▶ [DATASET EXTRACT]
%%

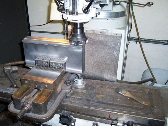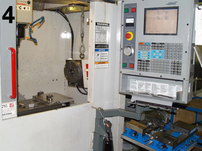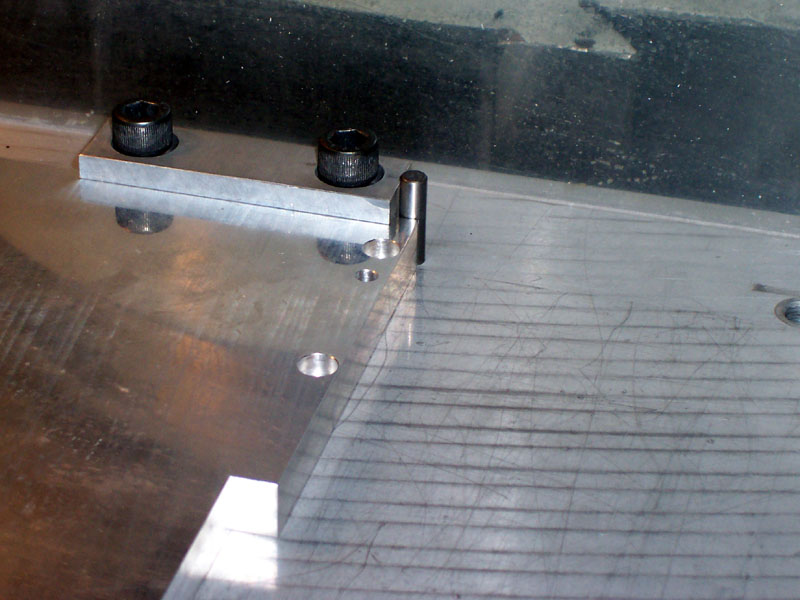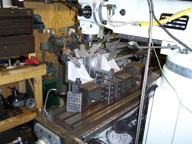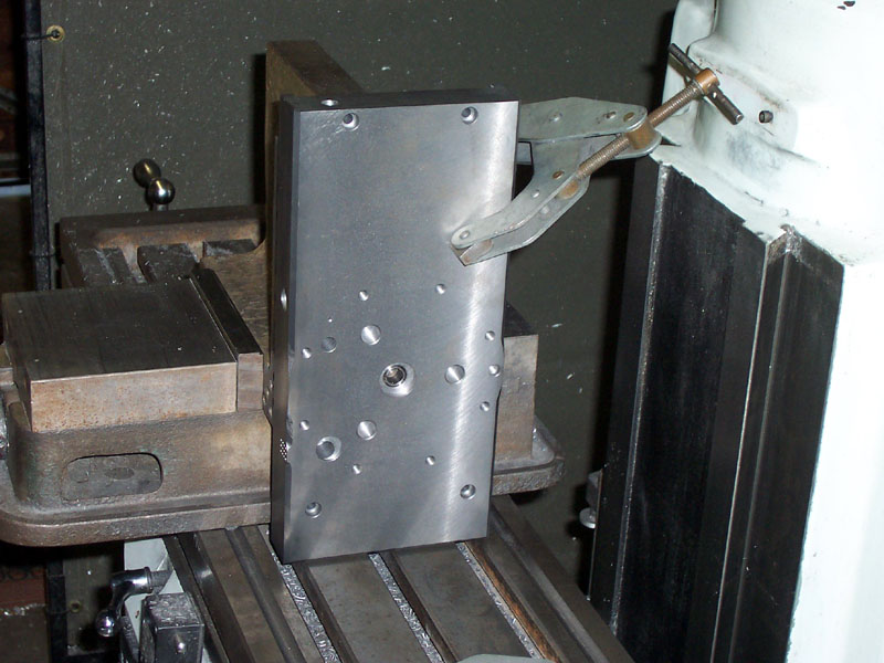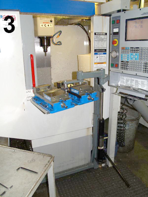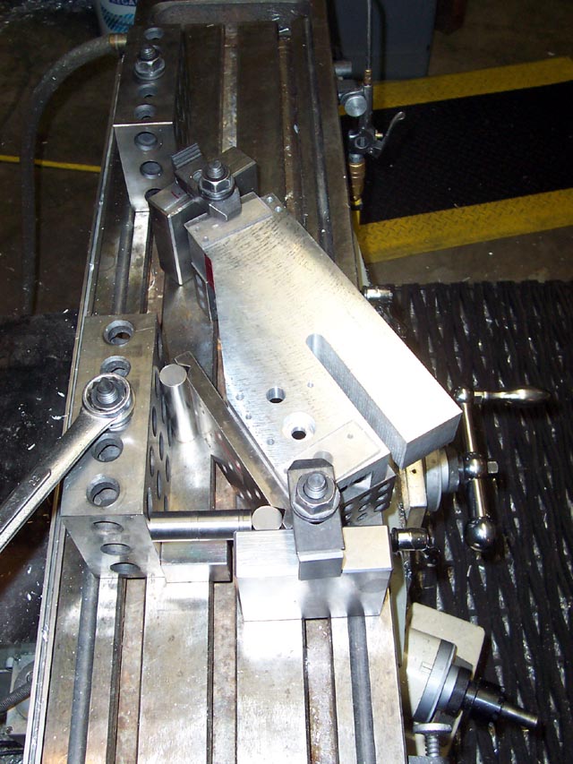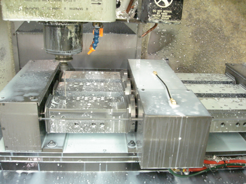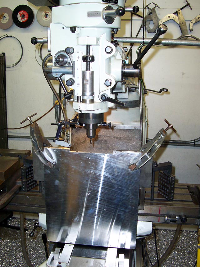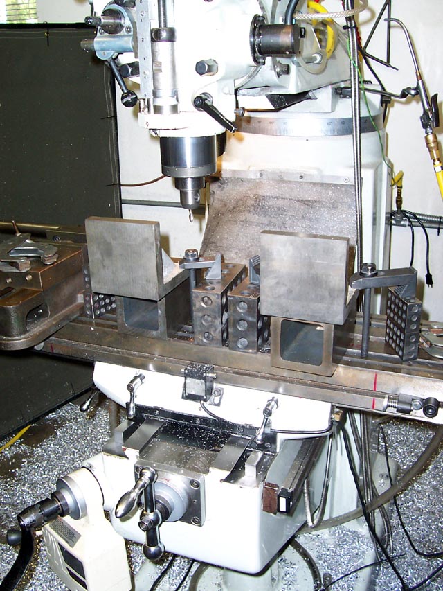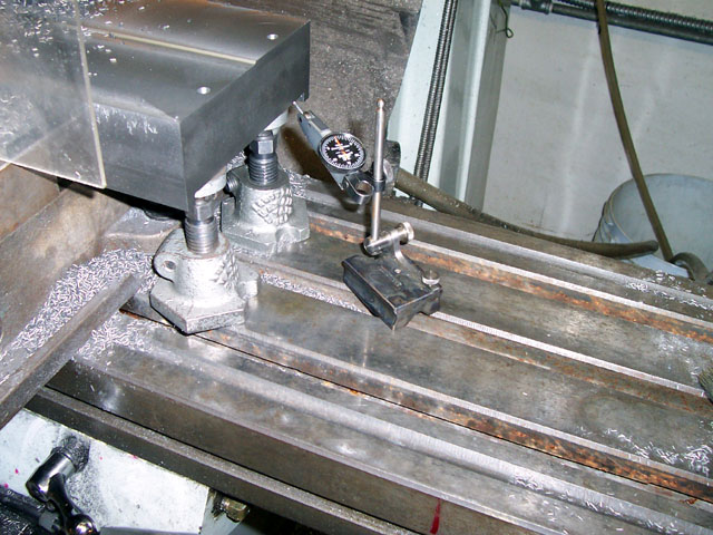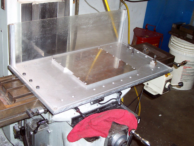 The Widgitmaster Enclosure being bolted down to mill table. Note the shiny plate is some work he will dial in. It is located against two pins at the rear.
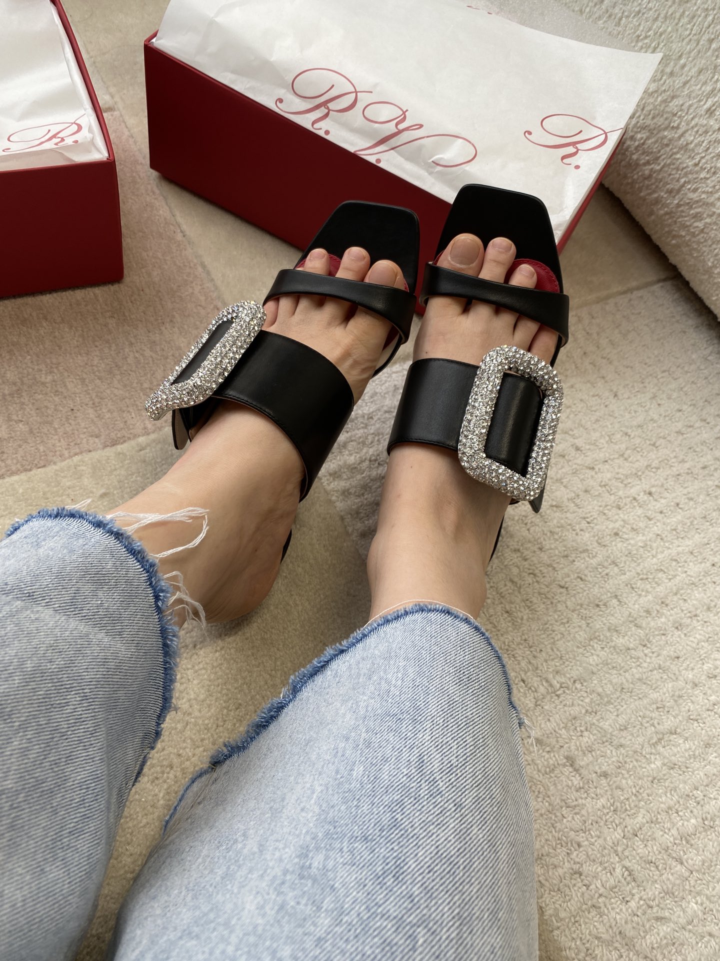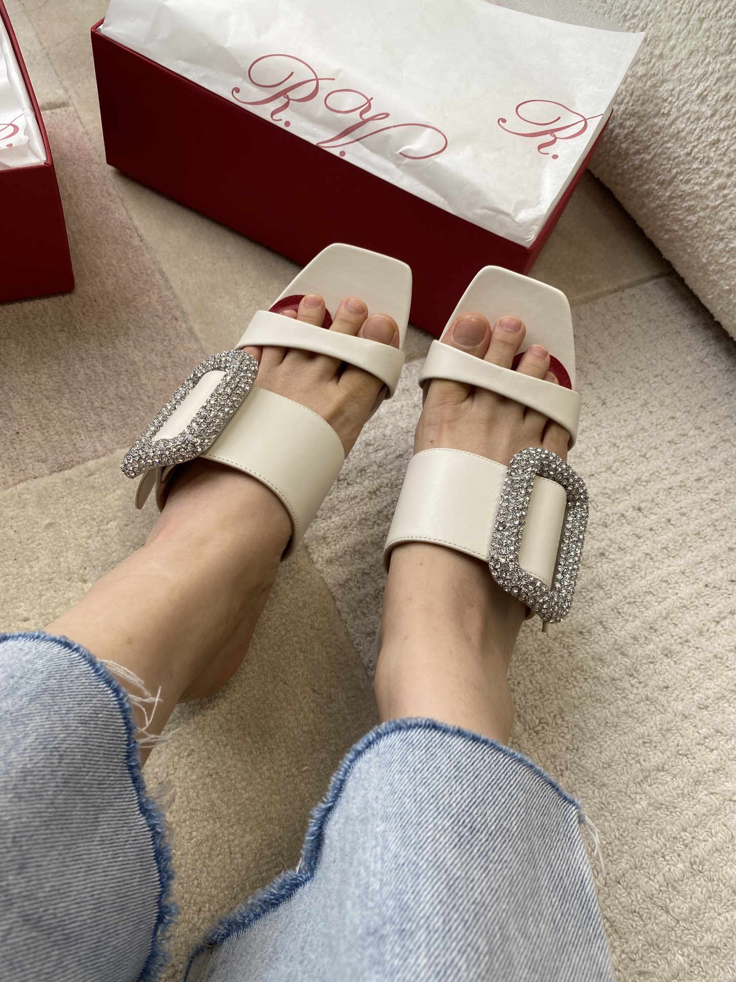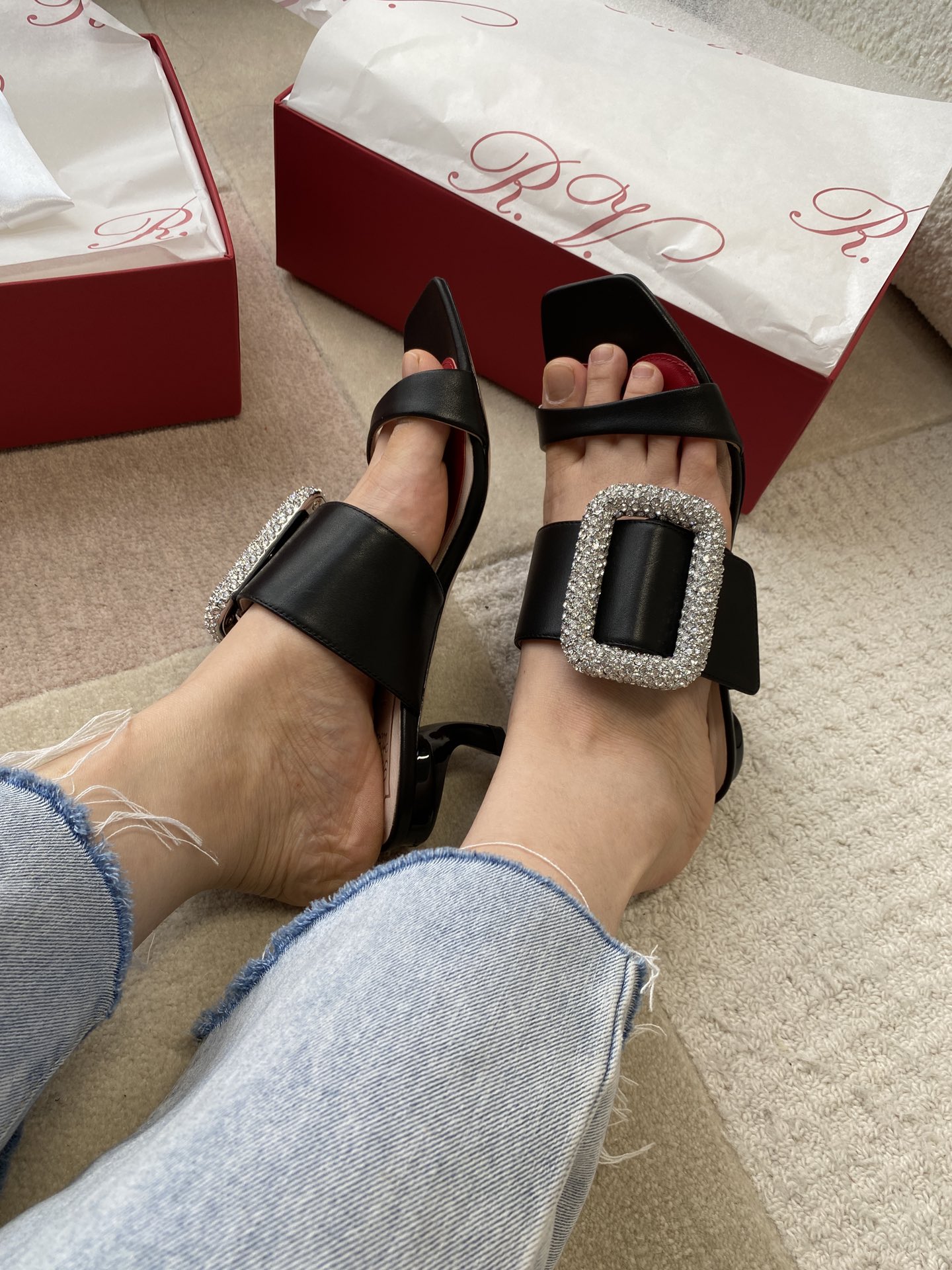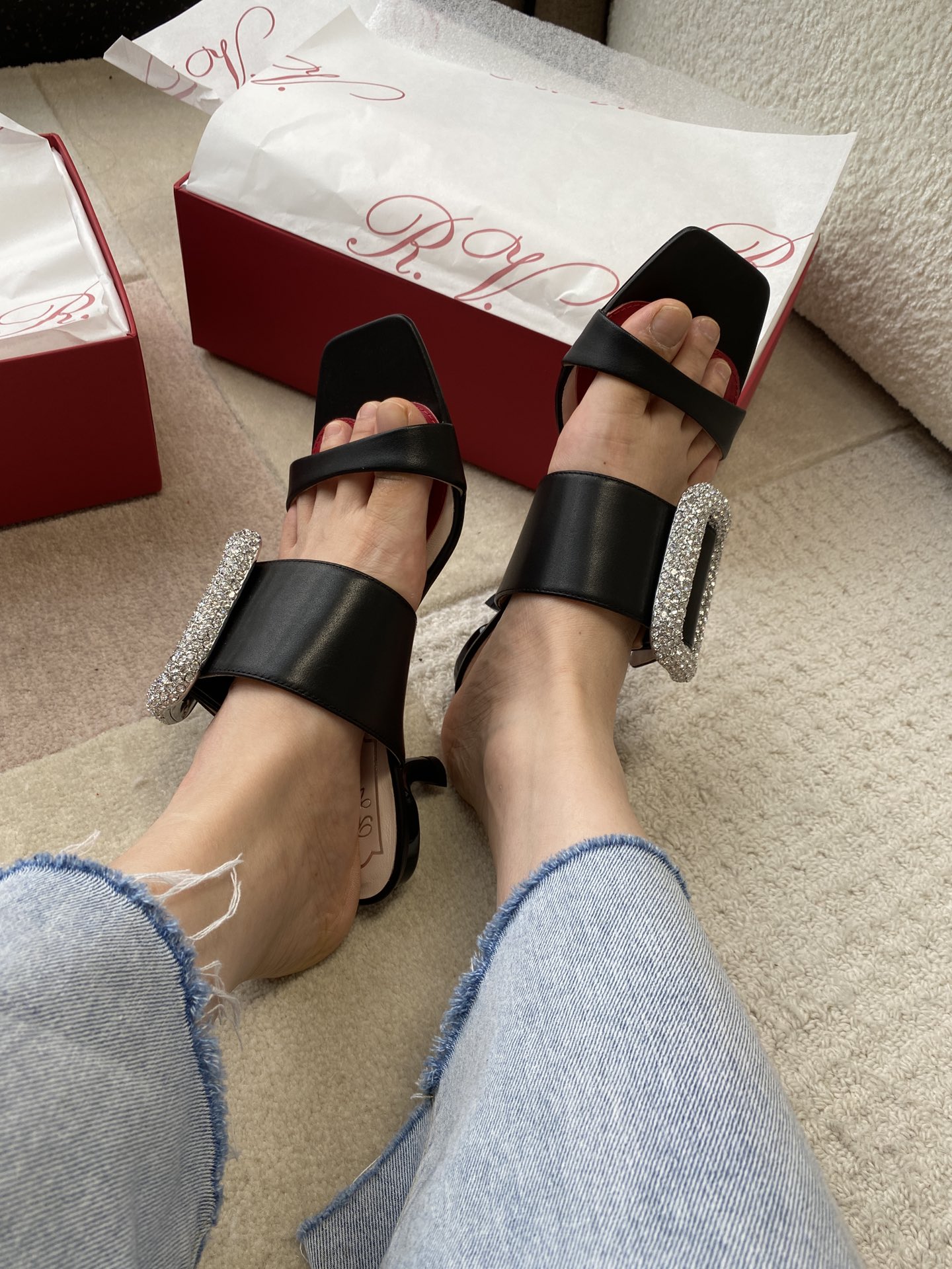 这款鞋子是AAAAA 1:1 质量 (非常棒). 使用了和原版一模一样的材料. 商标部分也保持了和罗杰维维耶/Roger Vivier一样. 图片拍摄是实物鞋子拍摄, 您所收到的实物保证和我们图片一模一样.
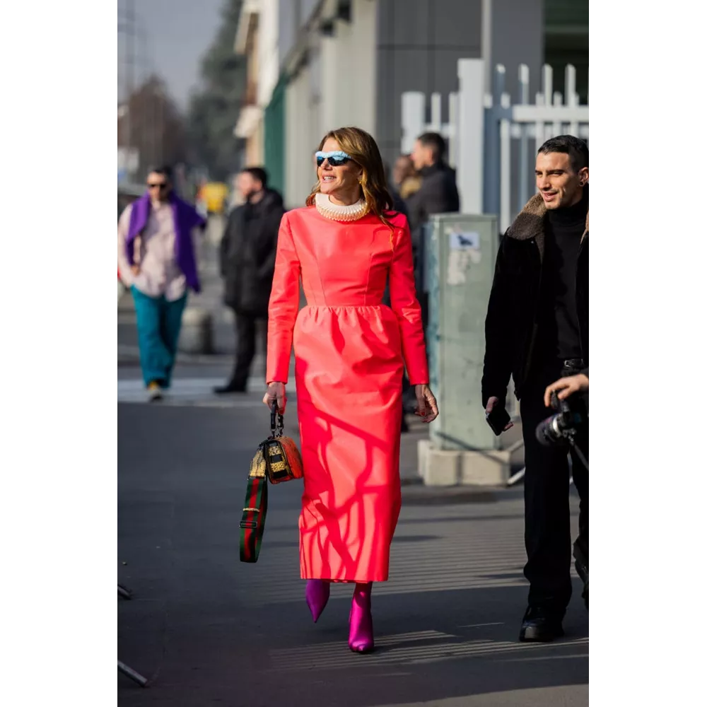 Η πρώτη τάση που ξεχωρίζει μέσα από το μιλανέζικο street style του φετινού χειμώνα είναι αυτή την οποία φρόντισε να μας συστήσει η πάντα πληθωρική και έντονη στο στιλ της Anna Dello Russo, που για τις εμφανίσεις επέμεινε σε συγκεκριμένο color combo: του κόκκινου με το φούξια. Η πρώην αρχισυντάκτρια της Vogue Japan ενώνει στα looks δυο χρώματα που συνδυάζουν την τάση που επικράτησε στη μόδα το 2022, το hot pink, με εκείνη που φαίνεται ότι θα επικρατήσει στο στιλ του 2023, το κόκκινο. Σακάκια, πουλόβερ, φορέματα, τσάντες και άλλα αξεσουάρ σε κόκκινο έκαναν αισθητή την παρουσία τους σ' αυτό το street style.
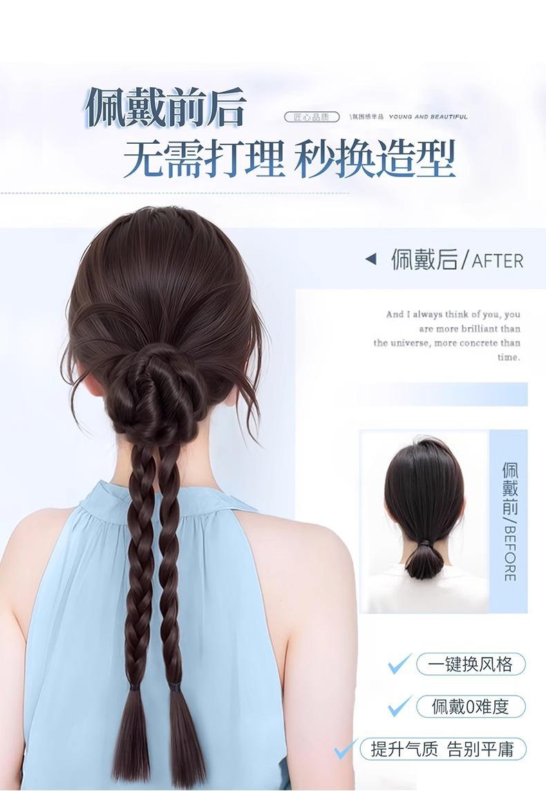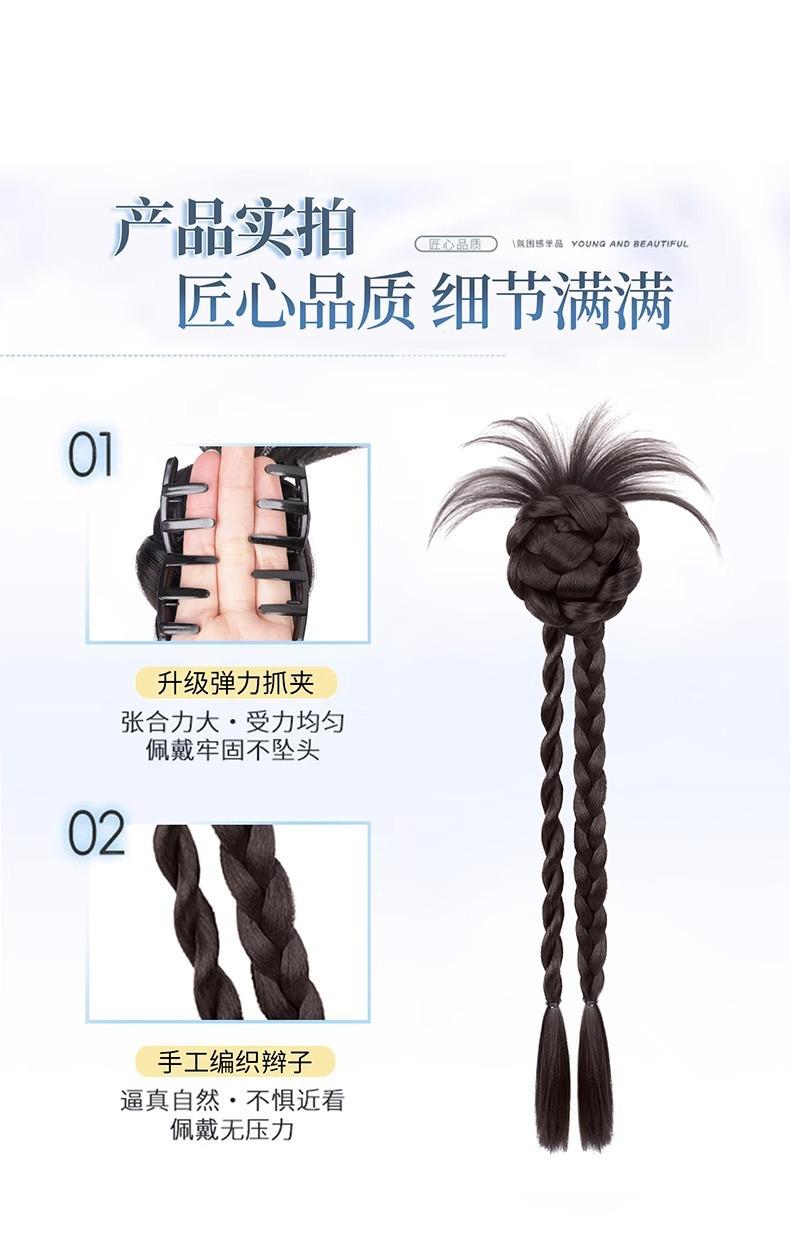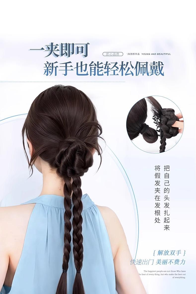 Trenzas de Cabello Simulado para Mujeres con Coletas Altas, Clips de Lazo, Trenzas, Nuevo Estilo Chino Trenzas Esponjosas Semirrecogidas, Peinados Atmosféricos

%%

The exact lines from the one containing "Η πρώτη τάση" through the end of the data are to be copied, with both ends kept and pictures left out.

 Η πρώτη τάση που ξεχωρίζει μέσα από το μιλανέζικο street style του φετινού χειμώνα είναι αυτή την οποία φρόντισε να μας συστήσει η πάντα πληθωρική και έντονη στο στιλ της Anna Dello Russo, που για τις εμφανίσεις επέμεινε σε συγκεκριμένο color combo: του κόκκινου με το φούξια. Η πρώην αρχισυντάκτρια της Vogue Japan ενώνει στα looks δυο χρώματα που συνδυάζουν την τάση που επικράτησε στη μόδα το 2022, το hot pink, με εκείνη που φαίνεται ότι θα επικρατήσει στο στιλ του 2023, το κόκκινο. Σακάκια, πουλόβερ, φορέματα, τσάντες και άλλα αξεσουάρ σε κόκκινο έκαναν αισθητή την παρουσία τους σ' αυτό το street style.
 Trenzas de Cabello Simulado para Mujeres con Coletas Altas, Clips de Lazo, Trenzas, Nuevo Estilo Chino Trenzas Esponjosas Semirrecogidas, Peinados Atmosféricos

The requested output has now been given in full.